What the task asks: Repeat exactly the lines of the entries below from the one with "AMD says this" through the one with "Gemäss dem vorher", both ends included, and nothing else.

Data to process:
□ □ □ □ □ □ □

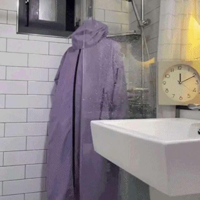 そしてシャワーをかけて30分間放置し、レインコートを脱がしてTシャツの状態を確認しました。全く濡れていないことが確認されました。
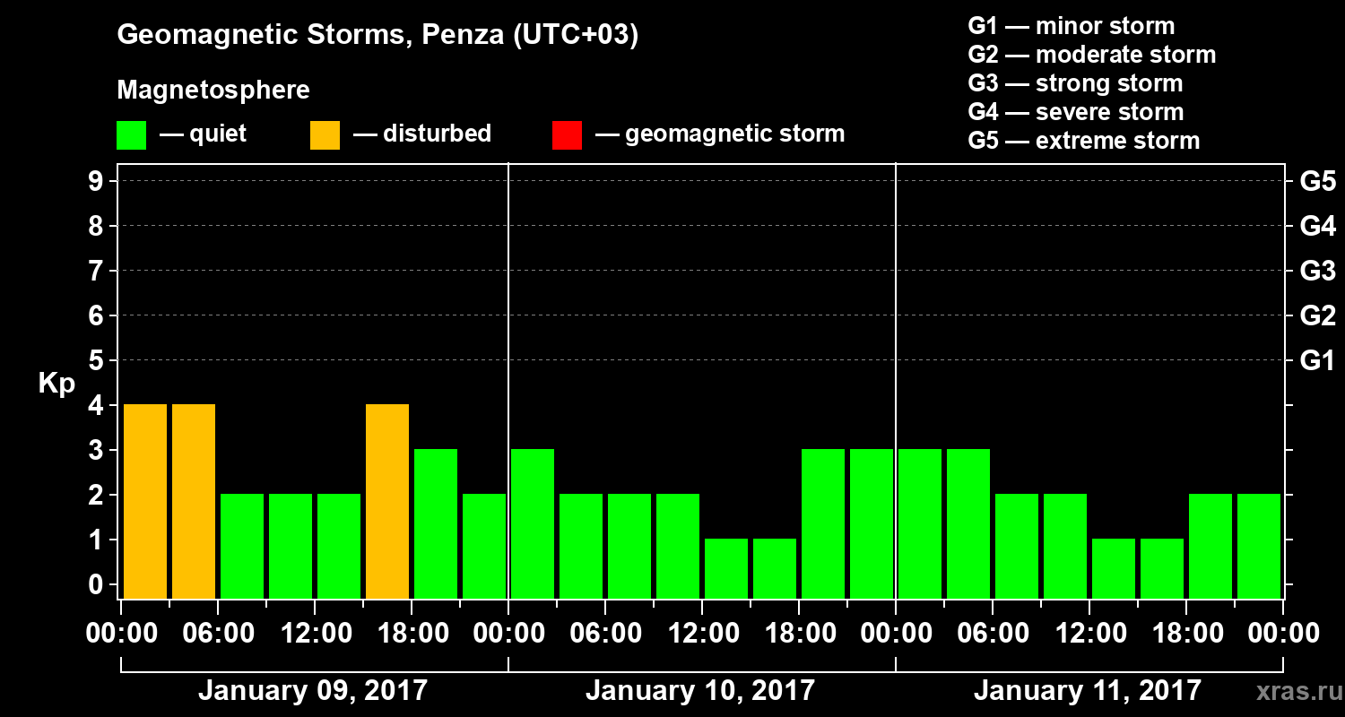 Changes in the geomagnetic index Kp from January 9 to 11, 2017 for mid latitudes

□ □ □ □ □ □ □

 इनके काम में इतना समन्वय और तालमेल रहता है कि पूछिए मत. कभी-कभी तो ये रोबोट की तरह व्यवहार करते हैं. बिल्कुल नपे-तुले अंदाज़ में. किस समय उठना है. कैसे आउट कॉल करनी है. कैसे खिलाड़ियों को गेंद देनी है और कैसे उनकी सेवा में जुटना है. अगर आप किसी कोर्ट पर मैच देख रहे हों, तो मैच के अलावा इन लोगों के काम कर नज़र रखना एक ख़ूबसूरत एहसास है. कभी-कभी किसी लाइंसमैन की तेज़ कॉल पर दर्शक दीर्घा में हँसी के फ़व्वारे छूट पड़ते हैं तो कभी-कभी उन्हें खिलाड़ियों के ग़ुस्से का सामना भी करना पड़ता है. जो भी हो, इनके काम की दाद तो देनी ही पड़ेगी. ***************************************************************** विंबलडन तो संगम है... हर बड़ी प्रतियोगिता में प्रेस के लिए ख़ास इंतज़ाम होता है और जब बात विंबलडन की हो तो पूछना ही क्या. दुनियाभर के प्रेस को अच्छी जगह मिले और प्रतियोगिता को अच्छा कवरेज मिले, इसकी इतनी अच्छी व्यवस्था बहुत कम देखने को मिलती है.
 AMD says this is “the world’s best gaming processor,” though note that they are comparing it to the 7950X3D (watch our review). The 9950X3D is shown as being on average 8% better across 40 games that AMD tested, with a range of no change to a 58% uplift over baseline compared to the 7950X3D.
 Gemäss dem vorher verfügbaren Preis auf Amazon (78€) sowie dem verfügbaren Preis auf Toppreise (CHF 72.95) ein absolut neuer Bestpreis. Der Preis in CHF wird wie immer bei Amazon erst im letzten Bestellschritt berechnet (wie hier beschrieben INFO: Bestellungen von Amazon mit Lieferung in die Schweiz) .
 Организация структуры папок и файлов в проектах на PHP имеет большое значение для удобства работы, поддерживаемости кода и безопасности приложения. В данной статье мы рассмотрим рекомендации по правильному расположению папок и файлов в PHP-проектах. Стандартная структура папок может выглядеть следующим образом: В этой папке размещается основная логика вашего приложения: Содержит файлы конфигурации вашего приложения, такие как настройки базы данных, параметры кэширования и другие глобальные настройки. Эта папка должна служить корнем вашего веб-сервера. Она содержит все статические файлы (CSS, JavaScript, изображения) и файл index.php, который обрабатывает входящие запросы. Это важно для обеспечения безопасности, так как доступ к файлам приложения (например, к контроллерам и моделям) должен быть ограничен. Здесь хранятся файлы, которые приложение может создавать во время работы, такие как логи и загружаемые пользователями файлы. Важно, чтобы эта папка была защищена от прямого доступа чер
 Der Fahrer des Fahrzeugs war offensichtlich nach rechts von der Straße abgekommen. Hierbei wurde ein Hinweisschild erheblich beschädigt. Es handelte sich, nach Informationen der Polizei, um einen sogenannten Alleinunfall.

□ □ □ □ □ □ □

Exercise result:
 AMD says this is “the world’s best gaming processor,” though note that they are comparing it to the 7950X3D (watch our review). The 9950X3D is shown as being on average 8% better across 40 games that AMD tested, with a range of no change to a 58% uplift over baseline compared to the 7950X3D.
 Gemäss dem vorher verfügbaren Preis auf Amazon (78€) sowie dem verfügbaren Preis auf Toppreise (CHF 72.95) ein absolut neuer Bestpreis. Der Preis in CHF wird wie immer bei Amazon erst im letzten Bestellschritt berechnet (wie hier beschrieben INFO: Bestellungen von Amazon mit Lieferung in die Schweiz) .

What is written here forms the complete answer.